## WHAT YOU SHOULD DO
Restate word for word the lines below, from the one containing "Nachdem wir also" through the final line, with no pictures included.

## DATA FOR THIS EXERCISE
┌────────

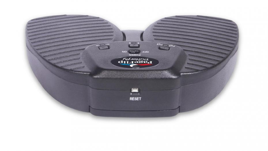 Durch einfaches Antippen der beiden geräuschlos arbeitenden Pedale des PageFlip Butterfly können digitale Inhalte umgedreht oder gescrollt werden. Das PageFlip Butterfly emuliert eine Standard-Tastatur und arbeitet mit jeder Software die Tastatureingaben nutzt, um durch digitale Dateien zu navigieren.
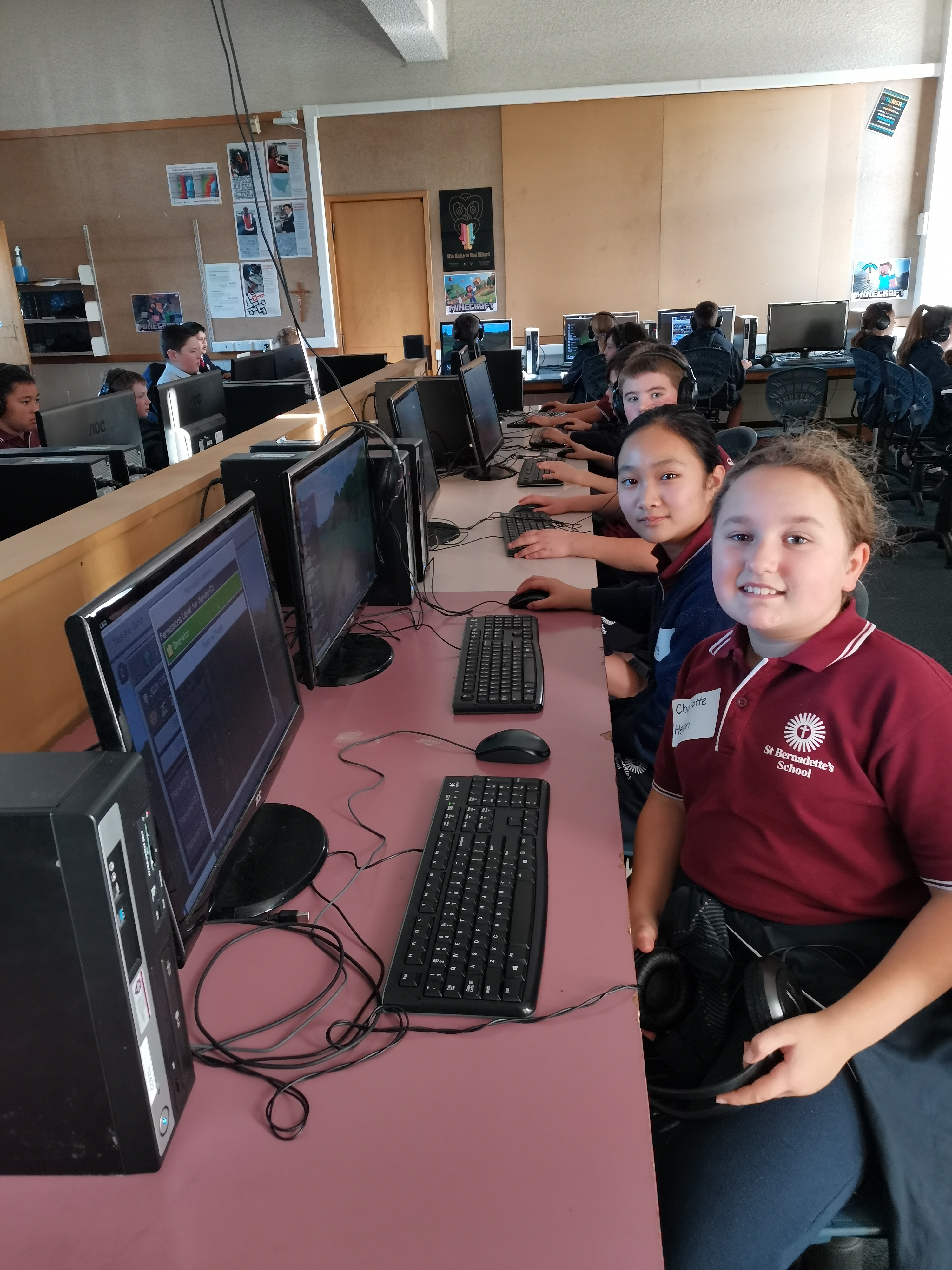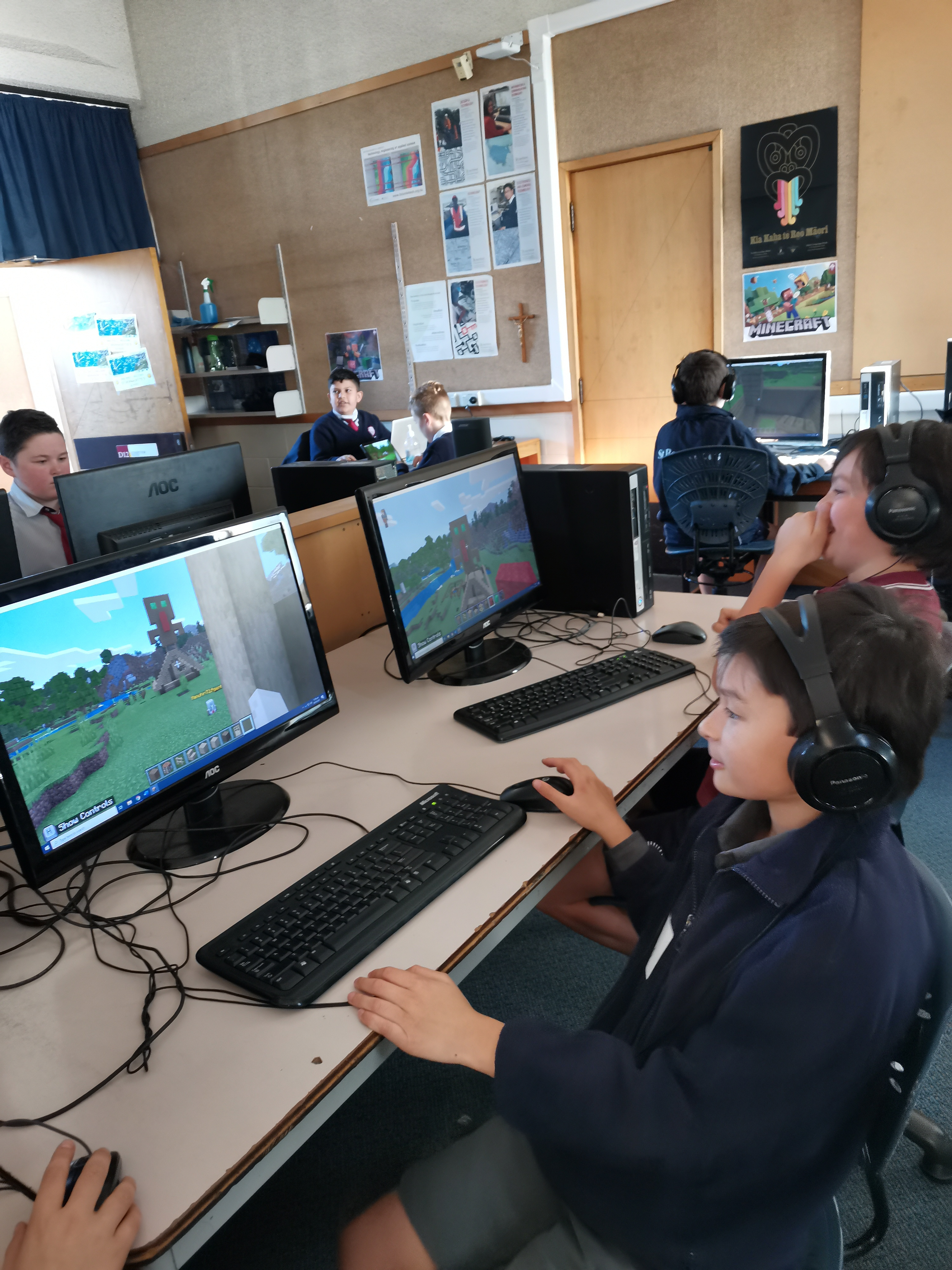 Room 7 from St Bernadette's School visited the college yesterday as part of their Te Rā Nui Ki Waho (The Big Day Out). As with any visit from this special school, the students were full of energy and ready for learning. Accompanied by Mr Gerard Shaw and Mrs Deb Whitty, the day began in the computer lab with a Kahoot (interactive online quiz) that tested the student's knowledge about Mahimania (Minecraft). Minecraft is a global phenomenon with 126 million active monthly users and and has over 100 billion views on YouTube every year. This teaching resource has many real world applications such as collaboration, creativity and problem solving. In the digital technology challenge the students constructed projects such as marae, kainga (village), whare (house), waka and ngā mara (gardens). In the show and tell part of the session, we were highly impressed with what was created. Year 6 student Chelsea Jarvie created a beautiful village with gardens with her team. Eli Bone and his team produced a stunning marae with it's own taniwha which was a kaitiaki or guardian.
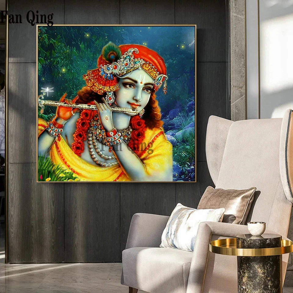 5D DIY Krishna Nada играющая флейта, красивая картина с искусственным бриллиантом, полностью квадратная/круглая Алмазная вышивка, домашний декор
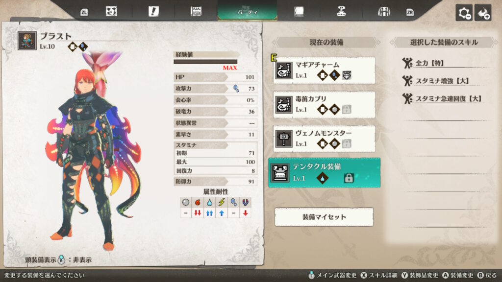体験版でもネロミェールが出現するので、テンタクル装備を作って防御力とスタミナを確保します。
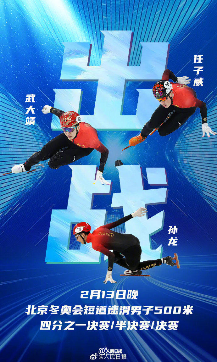 今晚19时,北京冬奥会短道速滑男子500米将进行四分之一决赛/半决赛/决赛,中国选手武大靖、任子威、孙龙即将出战。
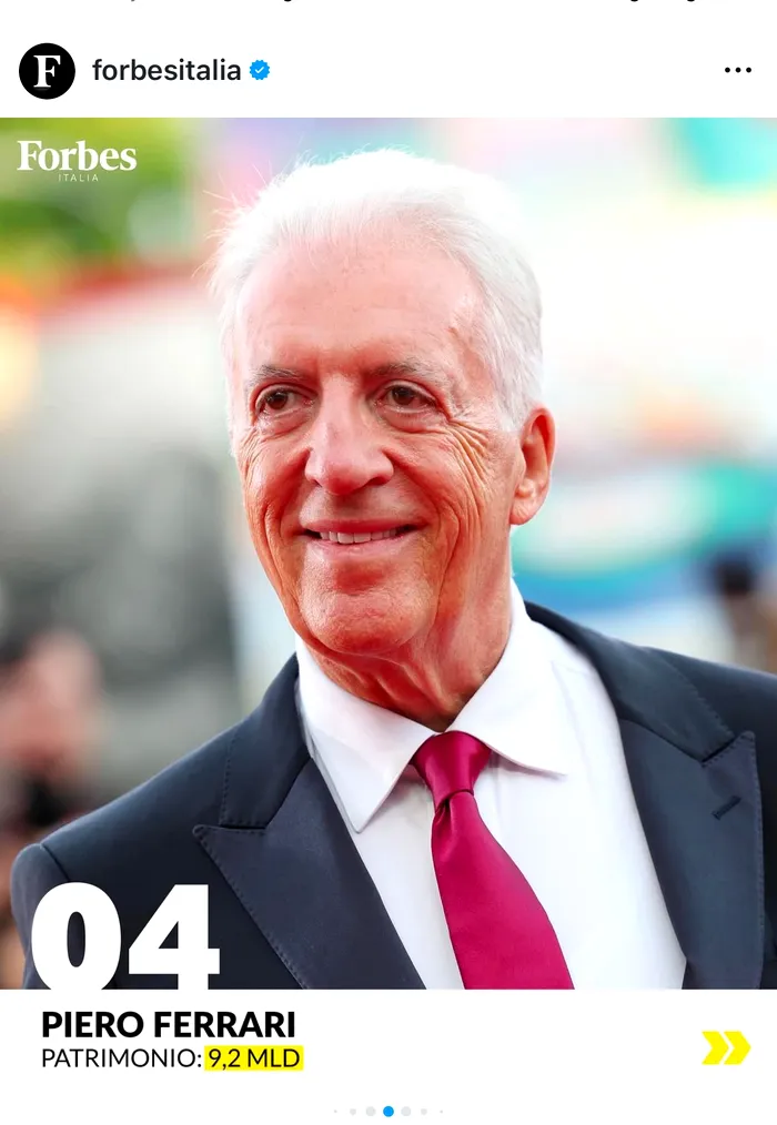 Antreprenorul Piero Ferrari, care deține peste 10% din pachetul de acțiuni al grupului automobilistic Ferrari, fondat de tatăl său Enzo, ocupă locul patru în clasament. Ferrari, căsătorit cu românca Romina Gingașu, fondatoarea Red Women Foundation, are un patrimoniu estimat la 9,2 miliarde de dolari (8,8 mld euro), în creștere de la 8,6 miliarde de dolari (8,23 mld euro).
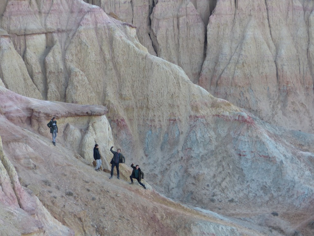 Nachdem wir also Big Tasty Bacon Burger und seidig sanfte Säbelzahntiger in unseren Koffer gepackt hatten und ich wegen meinem Dialekt mein Fett wegbekommen hatte, waren wir dann auch schon an den Ulaan Ereg, den roten Klippen. Dort wurden 1922 fast 100 Saurierüberreste aus der Kreidezeit gefunden. Nachdem wir die roten Klippen zu Genüge bewundert und beklettert hatten, machten wir uns auf zu der Familie von Naraa, einem unserer Fahrer. Dort wurden wir ganz in der Tradition der mongolischen Gastfreundlichkeit auf Suutei Tsai (Milchtee), Airag (vergorene Stutenmilch) , Aruul (getrockneter Quark) und Fleisch eingeladen.
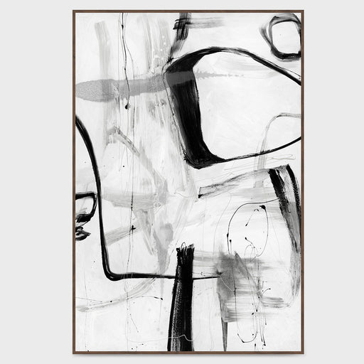 Sharp contrasts and fluid forms characterize Urban I Painting, capturing the pulse and texture of urban landscapes. Framed in a black floating fram...
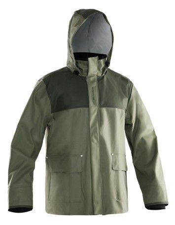 Jakke med børstet polyester på innsiden. Justerbar hette somkan legges inn i kragen. Glidelås og skjulte knapper. Åk bak forbedre ventilasjon og neoprene mansjetter i ermene.
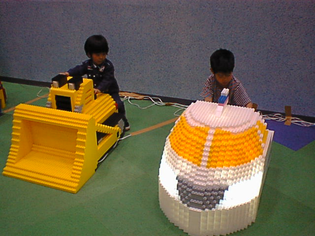 「ダイヤブロック」で作られたステージとメンバーの人形を製作し、
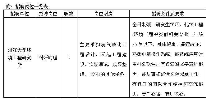 浙江大学环境工程研究所项目聘岗招聘启事
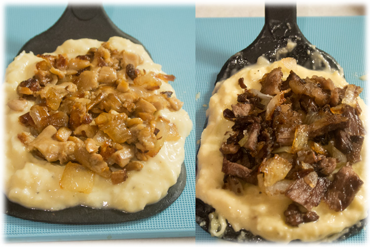 Я не знаю как их делают, может просто с тестом начинку перемешивают, может еще какие способы есть, предполагаю что на руках это можно делать, но не стал я пачкаться и делал следующим образом. На лопатку выкладывал тонким слоем "тесто", сверху начинку, и потом укрывал опять "тестом". Но надеюсь опытные мне расскажут что я делаю не так))

└────────

## YOUR RESPONSE
 Nachdem wir also Big Tasty Bacon Burger und seidig sanfte Säbelzahntiger in unseren Koffer gepackt hatten und ich wegen meinem Dialekt mein Fett wegbekommen hatte, waren wir dann auch schon an den Ulaan Ereg, den roten Klippen. Dort wurden 1922 fast 100 Saurierüberreste aus der Kreidezeit gefunden. Nachdem wir die roten Klippen zu Genüge bewundert und beklettert hatten, machten wir uns auf zu der Familie von Naraa, einem unserer Fahrer. Dort wurden wir ganz in der Tradition der mongolischen Gastfreundlichkeit auf Suutei Tsai (Milchtee), Airag (vergorene Stutenmilch) , Aruul (getrockneter Quark) und Fleisch eingeladen.
 Sharp contrasts and fluid forms characterize Urban I Painting, capturing the pulse and texture of urban landscapes. Framed in a black floating fram...
 Jakke med børstet polyester på innsiden. Justerbar hette somkan legges inn i kragen. Glidelås og skjulte knapper. Åk bak forbedre ventilasjon og neoprene mansjetter i ermene.
 「ダイヤブロック」で作られたステージとメンバーの人形を製作し、
 浙江大学环境工程研究所项目聘岗招聘启事
 Я не знаю как их делают, может просто с тестом начинку перемешивают, может еще какие способы есть, предполагаю что на руках это можно делать, но не стал я пачкаться и делал следующим образом. На лопатку выкладывал тонким слоем "тесто", сверху начинку, и потом укрывал опять "тестом". Но надеюсь опытные мне расскажут что я делаю не так))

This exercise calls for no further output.